Helen Dunmore, The Malarkey
The Malarkey … I can’t think of a much
more musically colloquial title for a volume of poetry, and rightfully so, for
its kitchen-table intimacy draws us readers together to face what most
intimately affects each one of us. Leavings and partings, hellos and goodbyes,
and the dying of old faces and old ways of life form the most muted vernacular
of what it is to be human: we live, we pass by, and we die.
Helen
Dunmore’s most recent collection of poetry knocks the notion of art imitating
life on its head and instead gives life a nudge to bring the certainties of
death and dying into easier conversation. Each culture has its own mourning
rituals and mourning rules, but as a former cancer care nurse who spent many a
night shift talking with the dying, we have become unhelpfully reticent about
calling a spade a spade, as it were, when it comes to facing the graveyard. In
‘Writ in Water’ she imagines Keats’ last days in what he himself famously
maligned as ‘this posthumous life of mine’, and his concern about the effect
his slow dying was having on his companion, Joseph Severn. She examines the
grief of romantic love in ‘Playing her Pieces’ imagining Thomas Hardy as having
an almost necrophiliac need to connect with the physicality of his first wife’s
death:
he kneels beside the body of his love
to wash his hands between her ribs
where the blood throbbed.
Remembering
the dead means remembering the imperfections of the living, and poor Mrs. Hardy
gets no special treatment in that regard. Her ‘dull flesh’, her music and her
‘stiff intransigent difficultness’ all culminate in memories of how she
‘wearied’ him in their married life, but none of that matters now that he
cannot pick up a pen to write because he still clasps her soul in his hands.
Dunmore
captures the personalities between birth and death that give dying its
emotional significance. The Malarkey is
peppered with pen portraits of lives lived. ‘Pianist, 103’ an unexpected love
story with the luminosity of transcendent moments and with love itself, from
the perspective of a woman who has lived for over a century and whose mind is
still as clear as the notes she plays. John Donne, the aesthetically delicate
poet sits for a portrait before entering the next stage of his life in poverty
with his wife Anne.
Dunmore’s
use of technical devices is subtle and controlled, but all the more evocative
for that. Her use of rhyme and metre lift a veil between this world and her
imagining of the next as these stanzas from ‘The Torn Ship’ illustrate:
And then the
swans woke from their nest
And stood
unfurling
Their
steeple wings in warning
As the shade
and shadow passed
Of
whatsoever torn ship it was.
‘The
Torn Ship’ is a beautifully ragged metaphor for those souls who are already
lost in life with no-one to mourn them in death:
Remember
this was no ark
But
something broken
Long before
the dark took it down.
The Malarkey doesn’t idealise the
relationship between parents and children. Peace is forfeited during the early
years of parenting and the struggle to keep the kids occupied usually falls on
deaf ears: ‘stop that malarkey in the back’. When they’ve all grown up it’s the
malarkey that is missed most because it is anchored to an old way of life that
hadn’t seemed significant at the time but is now drenched in nostalgia. Where
the wholeness of self must merge with the family in the process of adaptation
to parenthood, the mundaneness of those chip-shop counter moments come to
represent a heart-stopping gap where wholeness was.
The
title ‘The Malarkey’ provides a kind of verbal talisman to the older grieving
parent. There are no such memento mori for
the adult child who is immersed in the experience of grieving for their dead
parents. The father figure has a particularly strong presence across this
collection. He is there in the first emails he tried to send to his daughter
ten years ago, which she has still kept. She holds his hand in hers as she
leads him, an older, more frail man to the banks of the River Styx in
‘Boatman’. But death stubbornly refuses to come and relieve him from his
infirmity – the curse of modern medicine on those who are ready to go.
‘The
Malarkey’ stretches our human relationship with grief, passing and parting.

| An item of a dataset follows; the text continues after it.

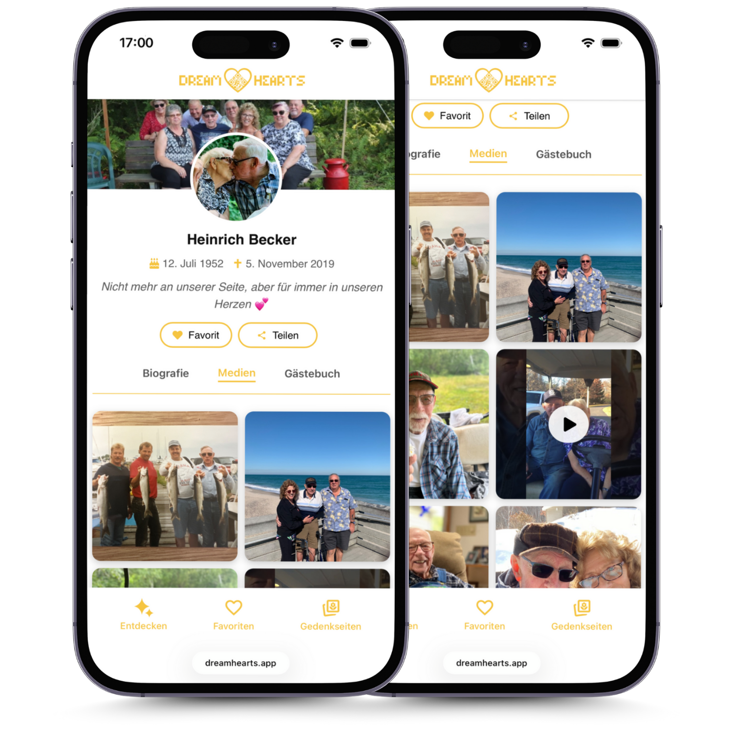Um dir zu zeigen, wie eine DREAM HEARTS Gedenkseite aussieht, kannst du dir hier eine Gedenkseite ansehen.

Reviewing this collection is as emotionally rousing as the absolute joy of
having read and re-read it. Dunmore leads the reader through a supernaturally
insightful conversation with living and dying, and the intensity of the threads
that bind us together: our individual selves and the unexpected appearances of
emotion and meaning for what matters within our relationships.
2 comments:
What an amazing review. So very intense and detailed and familair. I was a hospice nurse for over a decade and those patients and their families are forever in my heart. Now anxious to purchase Ms Dunmore's creation thanks to your review.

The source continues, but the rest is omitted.